(ACTIVITY): The required output is every line from the beginning of the entries below through the line that includes "on square base.", copied exactly.

Collected data entries:
Start of Block

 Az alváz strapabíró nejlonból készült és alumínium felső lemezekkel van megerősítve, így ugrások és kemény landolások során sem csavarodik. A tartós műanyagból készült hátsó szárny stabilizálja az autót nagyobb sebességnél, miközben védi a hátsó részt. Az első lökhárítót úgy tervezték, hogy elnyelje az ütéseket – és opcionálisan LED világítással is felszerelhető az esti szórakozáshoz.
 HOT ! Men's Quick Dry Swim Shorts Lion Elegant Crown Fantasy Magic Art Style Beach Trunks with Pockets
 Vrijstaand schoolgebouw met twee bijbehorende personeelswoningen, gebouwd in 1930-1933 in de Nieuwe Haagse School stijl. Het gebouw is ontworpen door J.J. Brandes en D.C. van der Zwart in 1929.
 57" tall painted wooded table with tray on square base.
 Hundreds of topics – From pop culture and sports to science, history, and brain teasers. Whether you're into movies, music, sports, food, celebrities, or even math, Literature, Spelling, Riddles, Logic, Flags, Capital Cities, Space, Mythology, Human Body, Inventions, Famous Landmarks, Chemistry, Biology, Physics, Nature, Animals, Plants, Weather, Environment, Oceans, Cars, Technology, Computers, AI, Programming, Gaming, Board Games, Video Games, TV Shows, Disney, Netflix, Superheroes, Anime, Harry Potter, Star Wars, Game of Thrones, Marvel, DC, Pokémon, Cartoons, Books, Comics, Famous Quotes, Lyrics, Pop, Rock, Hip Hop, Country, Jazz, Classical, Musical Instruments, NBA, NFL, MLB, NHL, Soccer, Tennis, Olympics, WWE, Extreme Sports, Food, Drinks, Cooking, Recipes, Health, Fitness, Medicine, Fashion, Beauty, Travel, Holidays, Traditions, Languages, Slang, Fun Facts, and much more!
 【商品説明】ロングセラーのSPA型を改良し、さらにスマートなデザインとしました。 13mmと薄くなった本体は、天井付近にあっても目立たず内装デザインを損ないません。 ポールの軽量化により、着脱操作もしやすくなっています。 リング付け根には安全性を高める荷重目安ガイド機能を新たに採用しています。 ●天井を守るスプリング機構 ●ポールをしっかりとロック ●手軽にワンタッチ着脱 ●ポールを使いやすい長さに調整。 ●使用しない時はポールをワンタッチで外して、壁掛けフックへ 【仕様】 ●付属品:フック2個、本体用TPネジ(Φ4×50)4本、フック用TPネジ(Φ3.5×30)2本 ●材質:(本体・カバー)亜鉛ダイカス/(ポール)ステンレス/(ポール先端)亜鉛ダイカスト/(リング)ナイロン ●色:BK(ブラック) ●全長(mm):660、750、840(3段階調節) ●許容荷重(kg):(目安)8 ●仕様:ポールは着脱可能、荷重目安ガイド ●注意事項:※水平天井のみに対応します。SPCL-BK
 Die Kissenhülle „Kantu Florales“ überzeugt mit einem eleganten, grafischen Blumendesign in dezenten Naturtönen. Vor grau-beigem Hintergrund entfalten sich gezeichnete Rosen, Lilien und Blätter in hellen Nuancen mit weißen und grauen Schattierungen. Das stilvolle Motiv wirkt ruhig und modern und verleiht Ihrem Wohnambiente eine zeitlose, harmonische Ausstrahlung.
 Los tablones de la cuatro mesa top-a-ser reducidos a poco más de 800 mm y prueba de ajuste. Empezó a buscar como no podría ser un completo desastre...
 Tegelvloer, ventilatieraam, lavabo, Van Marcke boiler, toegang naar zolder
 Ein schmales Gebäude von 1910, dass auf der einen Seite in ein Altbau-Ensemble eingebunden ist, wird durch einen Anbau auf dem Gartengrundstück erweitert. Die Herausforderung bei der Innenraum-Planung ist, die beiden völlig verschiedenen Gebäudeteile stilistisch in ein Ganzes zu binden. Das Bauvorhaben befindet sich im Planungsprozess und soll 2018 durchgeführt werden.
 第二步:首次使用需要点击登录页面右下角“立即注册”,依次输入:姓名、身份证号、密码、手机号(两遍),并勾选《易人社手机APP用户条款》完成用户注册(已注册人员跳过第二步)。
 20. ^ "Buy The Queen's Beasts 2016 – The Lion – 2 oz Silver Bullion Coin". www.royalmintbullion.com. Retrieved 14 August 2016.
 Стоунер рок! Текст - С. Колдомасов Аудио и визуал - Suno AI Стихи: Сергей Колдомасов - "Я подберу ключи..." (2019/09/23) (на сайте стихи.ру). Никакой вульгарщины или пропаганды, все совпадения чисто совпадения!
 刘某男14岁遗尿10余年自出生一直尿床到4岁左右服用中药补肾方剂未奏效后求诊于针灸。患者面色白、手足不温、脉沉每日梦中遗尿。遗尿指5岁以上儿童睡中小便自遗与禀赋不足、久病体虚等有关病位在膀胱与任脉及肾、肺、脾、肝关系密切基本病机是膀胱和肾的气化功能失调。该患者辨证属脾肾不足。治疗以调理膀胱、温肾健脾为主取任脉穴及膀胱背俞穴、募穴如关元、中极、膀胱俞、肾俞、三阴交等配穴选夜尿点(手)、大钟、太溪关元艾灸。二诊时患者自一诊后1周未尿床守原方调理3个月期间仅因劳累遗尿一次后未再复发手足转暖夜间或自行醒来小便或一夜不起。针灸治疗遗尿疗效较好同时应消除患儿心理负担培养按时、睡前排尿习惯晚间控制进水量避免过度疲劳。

End of Block

(TASK RESULT):
 Az alváz strapabíró nejlonból készült és alumínium felső lemezekkel van megerősítve, így ugrások és kemény landolások során sem csavarodik. A tartós műanyagból készült hátsó szárny stabilizálja az autót nagyobb sebességnél, miközben védi a hátsó részt. Az első lökhárítót úgy tervezték, hogy elnyelje az ütéseket – és opcionálisan LED világítással is felszerelhető az esti szórakozáshoz.
 HOT ! Men's Quick Dry Swim Shorts Lion Elegant Crown Fantasy Magic Art Style Beach Trunks with Pockets
 Vrijstaand schoolgebouw met twee bijbehorende personeelswoningen, gebouwd in 1930-1933 in de Nieuwe Haagse School stijl. Het gebouw is ontworpen door J.J. Brandes en D.C. van der Zwart in 1929.
 57" tall painted wooded table with tray on square base.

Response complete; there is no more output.